*TASK OBJECTIVE:* Retype exactly what appears below from the line containing "Refresh your outdoor" down to the line containing "Results from skin", keeping both end lines. Do not include pictures.

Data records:
□ □ □ □
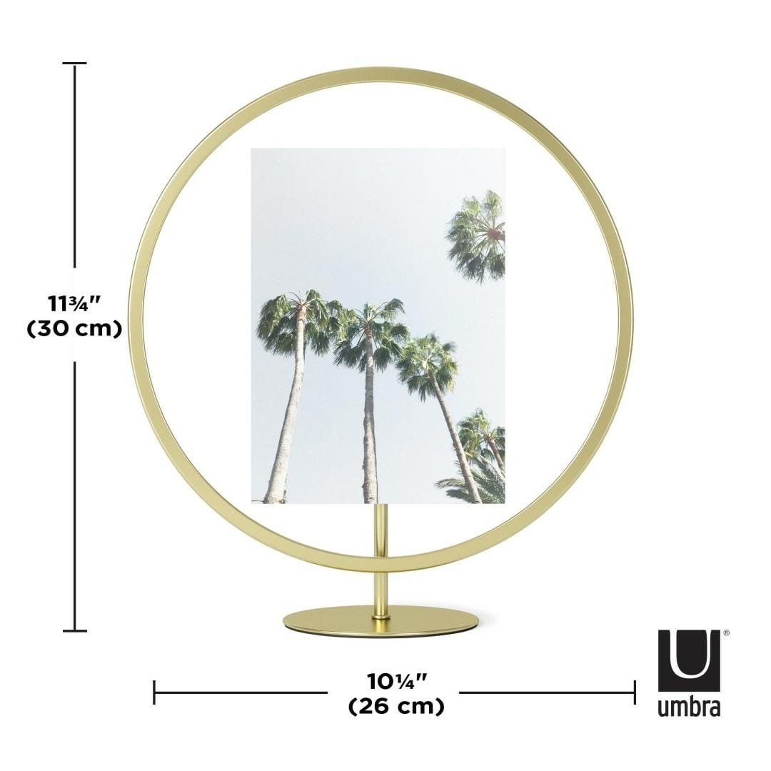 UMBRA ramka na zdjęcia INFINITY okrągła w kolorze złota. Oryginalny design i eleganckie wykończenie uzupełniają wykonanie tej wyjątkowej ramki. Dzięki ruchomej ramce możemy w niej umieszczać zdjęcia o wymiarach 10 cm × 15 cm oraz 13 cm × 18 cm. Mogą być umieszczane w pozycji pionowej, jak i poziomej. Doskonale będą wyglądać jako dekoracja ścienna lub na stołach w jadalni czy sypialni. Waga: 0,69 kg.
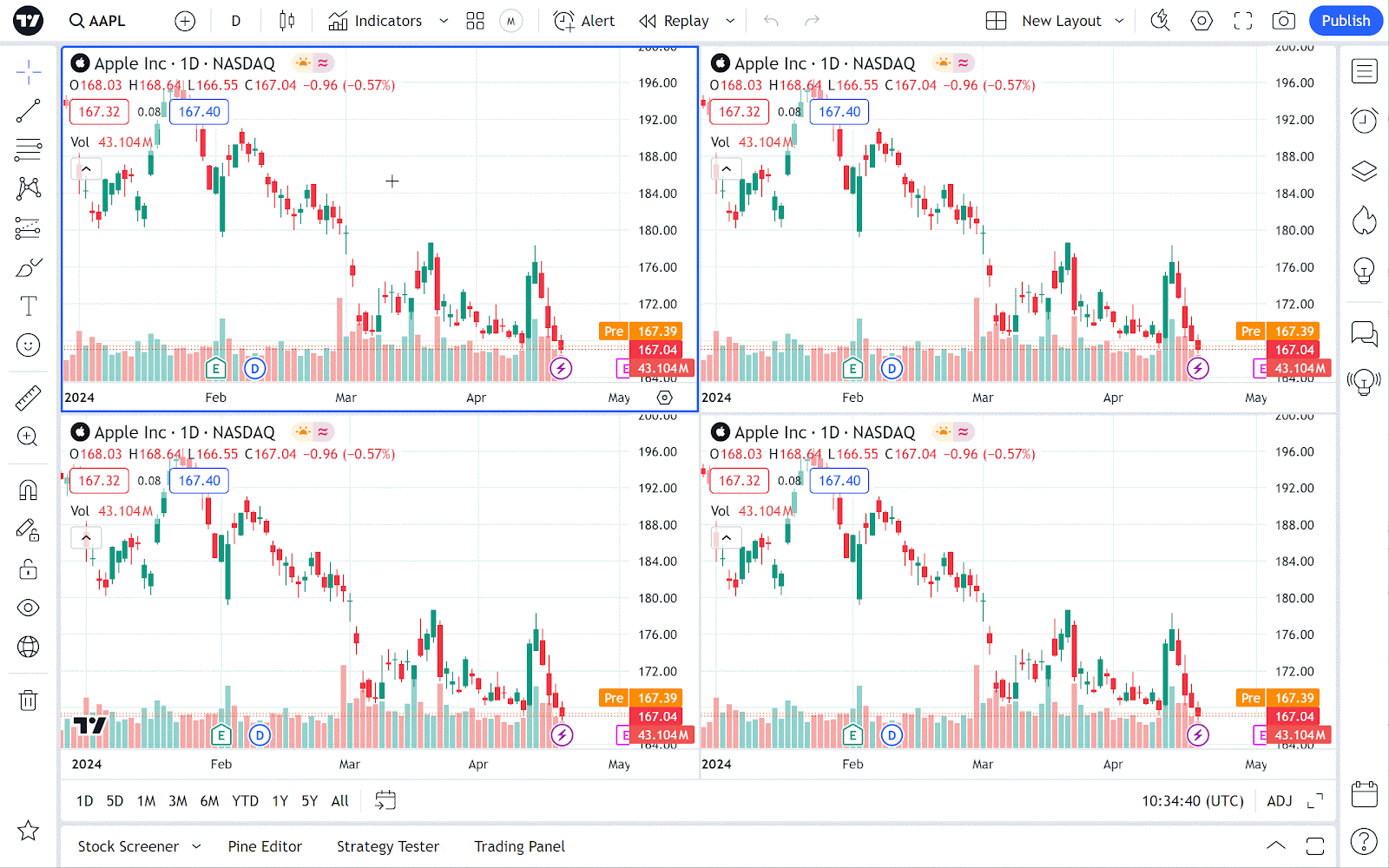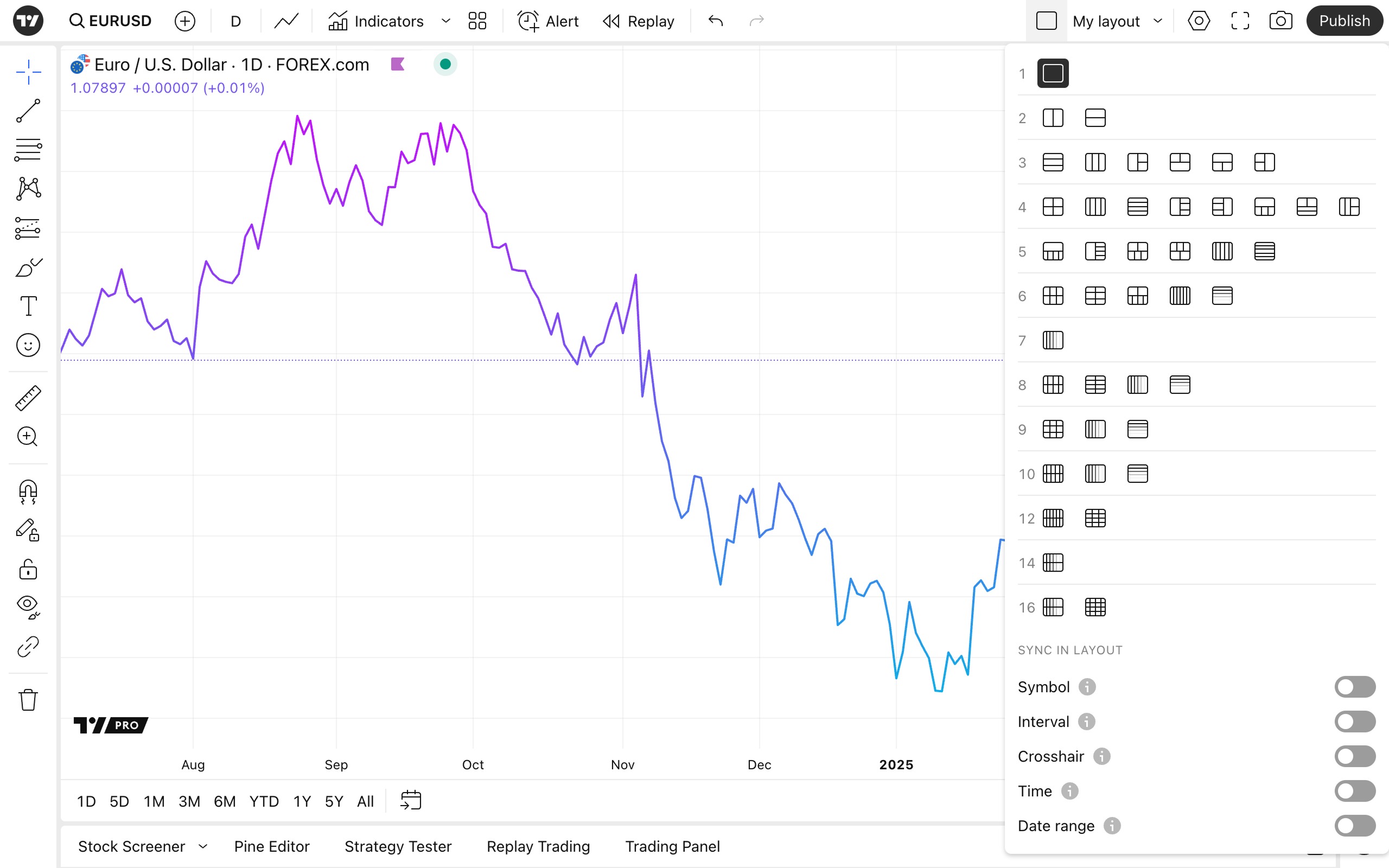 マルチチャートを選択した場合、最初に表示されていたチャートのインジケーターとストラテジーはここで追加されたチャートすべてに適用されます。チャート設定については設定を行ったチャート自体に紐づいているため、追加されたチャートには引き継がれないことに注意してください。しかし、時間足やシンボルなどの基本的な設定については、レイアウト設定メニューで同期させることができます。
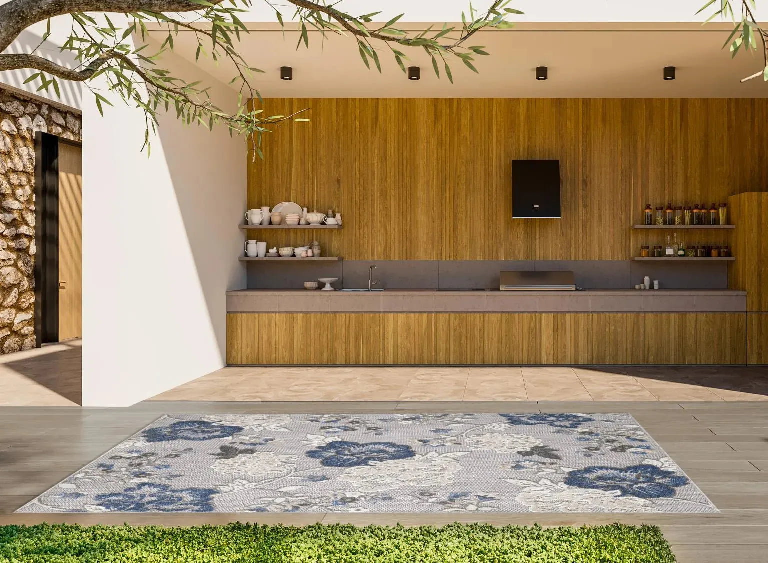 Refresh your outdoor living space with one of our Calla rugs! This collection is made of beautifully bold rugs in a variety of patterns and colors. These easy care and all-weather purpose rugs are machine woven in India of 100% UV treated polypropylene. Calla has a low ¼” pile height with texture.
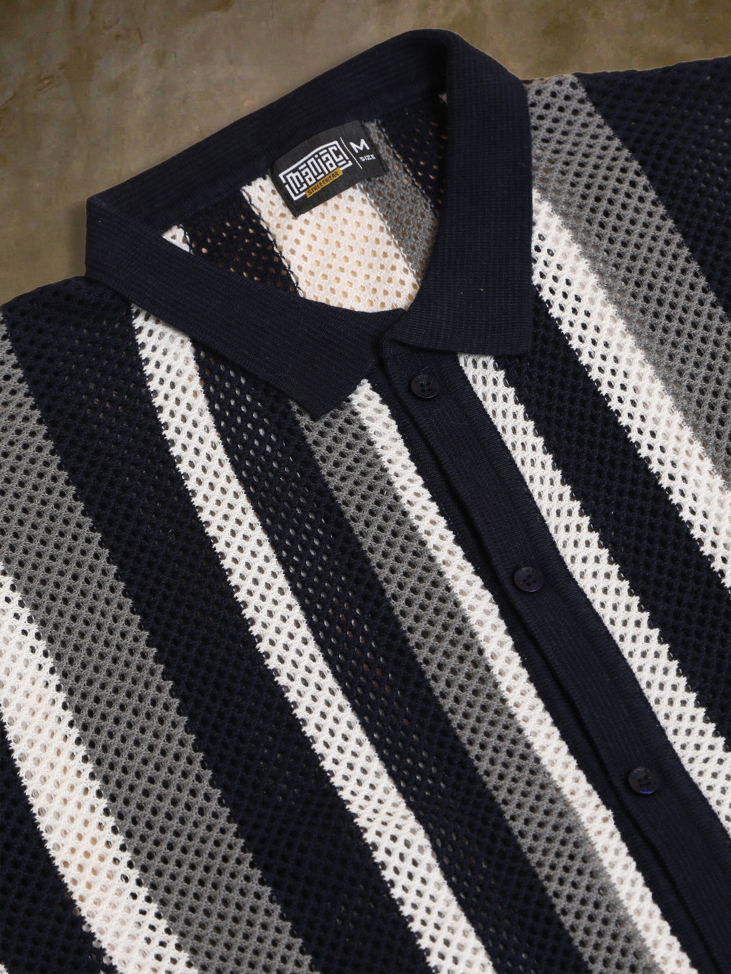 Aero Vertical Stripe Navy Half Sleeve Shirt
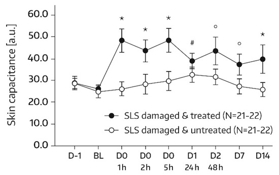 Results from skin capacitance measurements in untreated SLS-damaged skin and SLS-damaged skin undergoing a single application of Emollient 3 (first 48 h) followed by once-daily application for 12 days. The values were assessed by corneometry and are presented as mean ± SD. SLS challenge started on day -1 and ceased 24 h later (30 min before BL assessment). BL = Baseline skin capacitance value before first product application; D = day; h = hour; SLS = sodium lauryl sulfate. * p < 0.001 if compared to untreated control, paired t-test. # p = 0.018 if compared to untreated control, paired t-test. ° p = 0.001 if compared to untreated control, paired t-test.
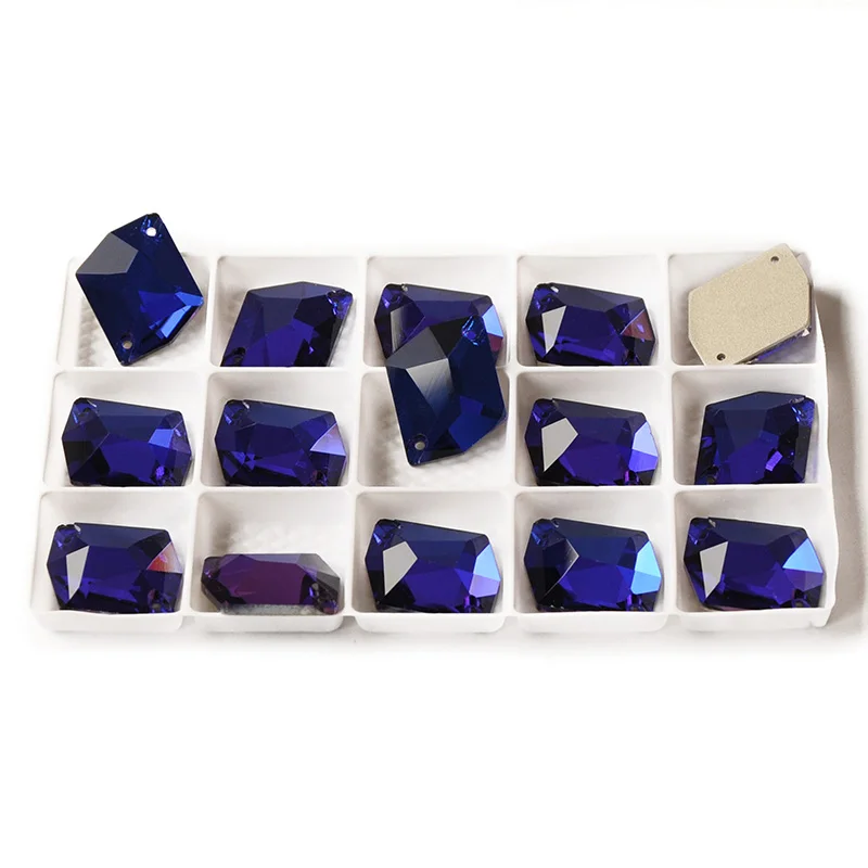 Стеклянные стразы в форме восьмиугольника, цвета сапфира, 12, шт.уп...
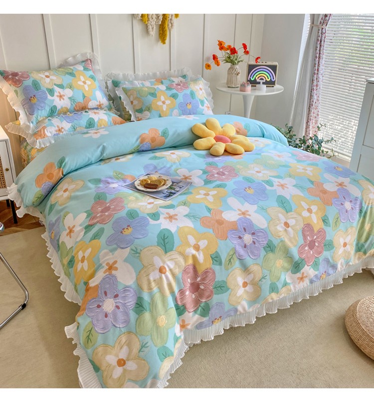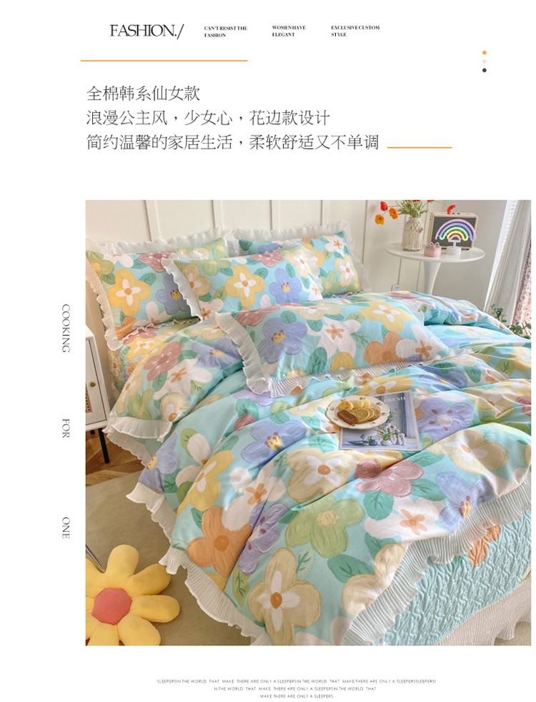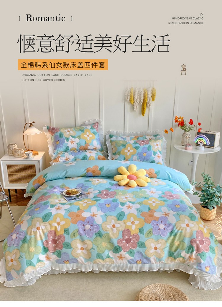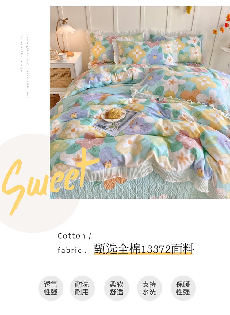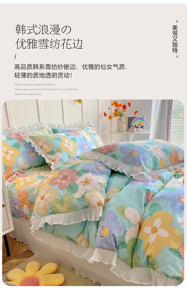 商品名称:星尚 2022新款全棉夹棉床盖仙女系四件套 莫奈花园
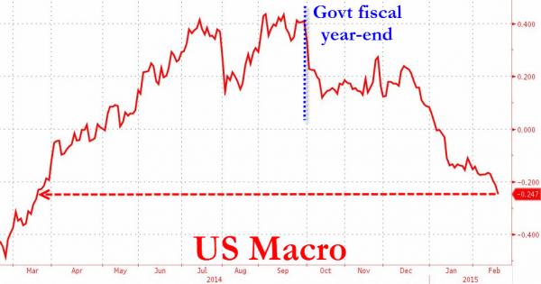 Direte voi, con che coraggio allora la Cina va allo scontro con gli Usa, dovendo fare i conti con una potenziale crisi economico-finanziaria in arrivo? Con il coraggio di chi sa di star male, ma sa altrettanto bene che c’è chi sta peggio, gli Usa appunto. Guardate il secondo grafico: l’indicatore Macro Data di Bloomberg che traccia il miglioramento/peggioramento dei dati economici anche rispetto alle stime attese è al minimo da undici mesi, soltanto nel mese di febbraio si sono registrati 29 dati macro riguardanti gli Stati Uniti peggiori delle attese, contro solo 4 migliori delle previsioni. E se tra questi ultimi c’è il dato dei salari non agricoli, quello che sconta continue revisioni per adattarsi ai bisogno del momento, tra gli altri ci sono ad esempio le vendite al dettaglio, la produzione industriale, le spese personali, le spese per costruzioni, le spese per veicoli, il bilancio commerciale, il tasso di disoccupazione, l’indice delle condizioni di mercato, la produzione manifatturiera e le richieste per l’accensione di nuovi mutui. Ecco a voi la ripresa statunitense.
□ □ □ □
*TASK ANSWER:*
 Refresh your outdoor living space with one of our Calla rugs! This collection is made of beautifully bold rugs in a variety of patterns and colors. These easy care and all-weather purpose rugs are machine woven in India of 100% UV treated polypropylene. Calla has a low ¼” pile height with texture.
 Aero Vertical Stripe Navy Half Sleeve Shirt
 Results from skin capacitance measurements in untreated SLS-damaged skin and SLS-damaged skin undergoing a single application of Emollient 3 (first 48 h) followed by once-daily application for 12 days. The values were assessed by corneometry and are presented as mean ± SD. SLS challenge started on day -1 and ceased 24 h later (30 min before BL assessment). BL = Baseline skin capacitance value before first product application; D = day; h = hour; SLS = sodium lauryl sulfate. * p < 0.001 if compared to untreated control, paired t-test. # p = 0.018 if compared to untreated control, paired t-test. ° p = 0.001 if compared to untreated control, paired t-test.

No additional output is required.